The ancient Greeks were in many ways more advanced morally and emotionally in their private lives — they vented their sins and emotions by putting them into characteristics of their gods. It is quite entertaining to read Roman Ovid’s “Metamorphosis” book — which reflects the Greek mythology that the Romans copied — in which he explains where flora and fauna come from: Mostly from poor humans who tried to escape love-drunk gods and turned into trees, stones, creeks, fishes and animals to avoid them.
Down on Earth, the average ancient Greeks were rather living a chaste life outside of marriage. They had six words for our one “love.”
The first one is eros. Yes, that’s where the word erotic comes from. For the Greek this word means losing control in physical love, and it had a negative view.
The second word is philia, which we use in words such as bibliophile (lover of books), technophile (lover of technology) and the little less known oenophile (lover of wine). The Greek philia is a fusion of love and friendship and concerned the deep comradely friendship that developed between brothers in arms who had fought side by side on a battlefield. It was about showing loyalty to friends, parents with their children, sacrificing for them, as well as sharing one’s emotion with them. The Romans especially admired philia. They celebrated Cara Cognatio, an official but privately observed holiday, on Feb. 22, that celebrated love of family with banqueting and gifts.
While philia had a rather solemn meaning, the Greek had another favorite love: ludus, or playful love. Remember the early stages of a relationship? The flirting and teasing that goes with it? Ludus describes this playful affection, but it was also used when friends get together bantering, laughing or going out on the town to dance. A perfect example is the theater play “Lysistrata” by Aristophanes. The comedy was performed in classical Athens in 411 BC. It is about of a woman’s extraordinary mission to end the Peloponnesian War by rallying the women to deny all the men involved in the war eros (sex), hence forcing the men to negotiate peace, which results in a battle between sexes. In modern English ludic activities are often described as casual flings, changing into something darker.
Then there is agape, the ultimate love, or love for everyone. It is the profound, selfless love toward all people. It is about the stranger who runs into a house on fire to save an unknown person. This word traveled through time, in Latin the philosopher Cicero used it in his book “Tusculan Disputations,” where a man stands in to be killed by the tyrant Damocles if his friend would not return to face his trial. We know the word in its Latin form: caritas, which is the origin of our word charity. C.S. Lewis referred to it as “gift love,” the highest form of Christian love. The word empathy comes from agape as well.
Pragma, means longstanding love and was used to describe the love between a couple that had been through tough times and good times, having worked out and accepted their flaws during a long lasting marriage. Aristotle wrote about pragma describing the parents of his tragic heroes. In modern times, its use is seen in the word pragmatic, which means being realistic. The meaning of love in it has been completely cut out.

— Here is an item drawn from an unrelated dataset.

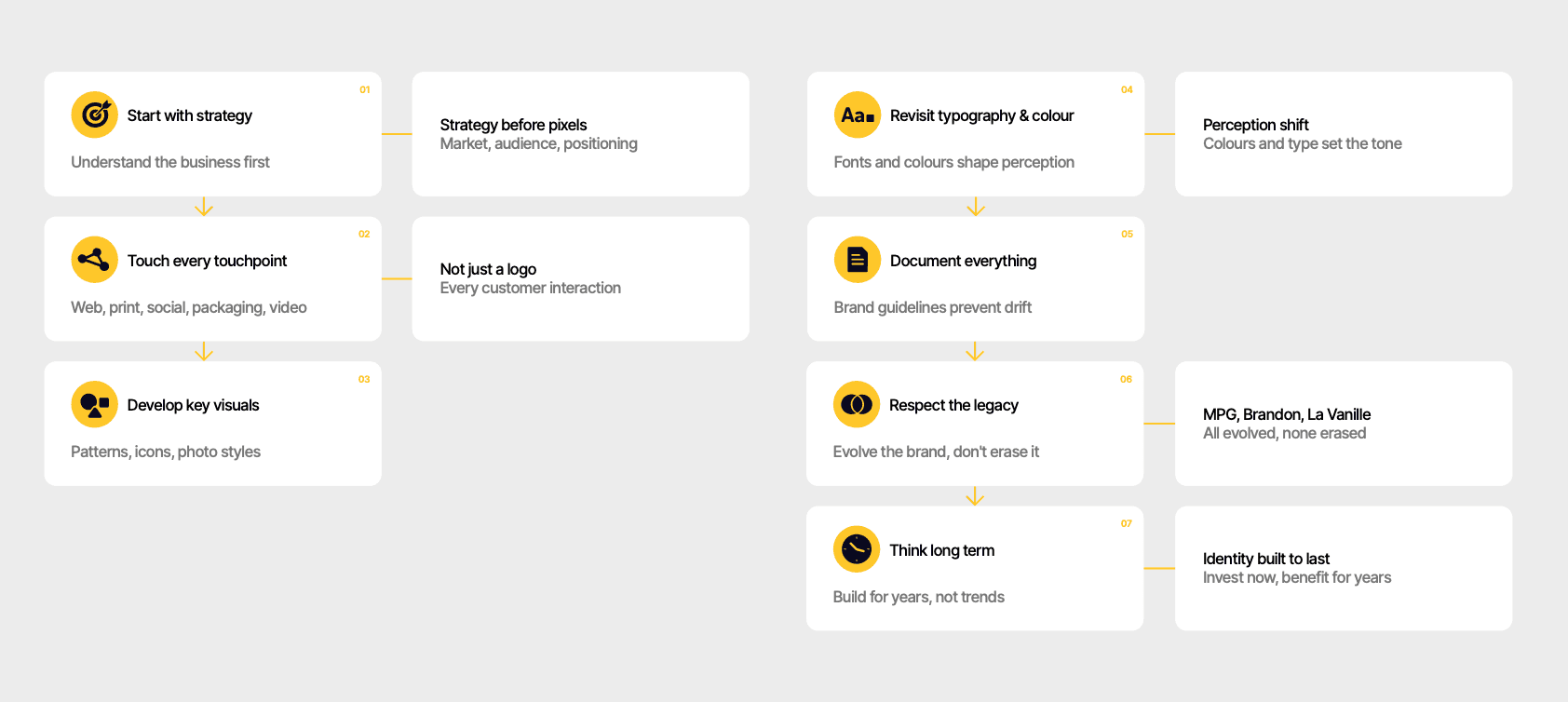 Respect the legacy. The best rebrands evolve a brand rather than erasing it. MPG kept its Fibonacci inspiration. Brandon Bioscience maintained its scientific credibility. La Vanille preserved its artisan warmth. A rebrand should feel like a natural progression, not a rejection of what came before.

The sixth version of love in ancient Greece is philautia, or love of the self. The wise Greeks knew that this was a two-sided sword. Aristotle explained it in two ways, the unhealthy version is reflected in his story of the self-centered Narcissus, who falls in love with his own reflection in a pond. The healthy version is described by Aristotle as “All friendly feelings for others are an extension of a man’s feelings for himself.” In today’s psychology 101, it is described as self-acceptance. The word and double-meaning of philautia did not survive into modern English.
Now this is a lot of love going around in ancient Greece. What can we take out of it? Even if you are alone on Valentine’s Day, cherish love like the Greeks did: in relationships with a wide range of people — friends, family, partners, strangers and yourselves. This contrasts with our modern word and its typical focus on a single romantic relationship. Don’t just seek eros, but grow philia by spending time with friends, or follow ludus and have a girls night out dancing or a sweet dessert with your friends and a romantic movie at home. You are in the pragma stage of love? Enjoy it by doing something you both like.
Happy Valentine’s Day.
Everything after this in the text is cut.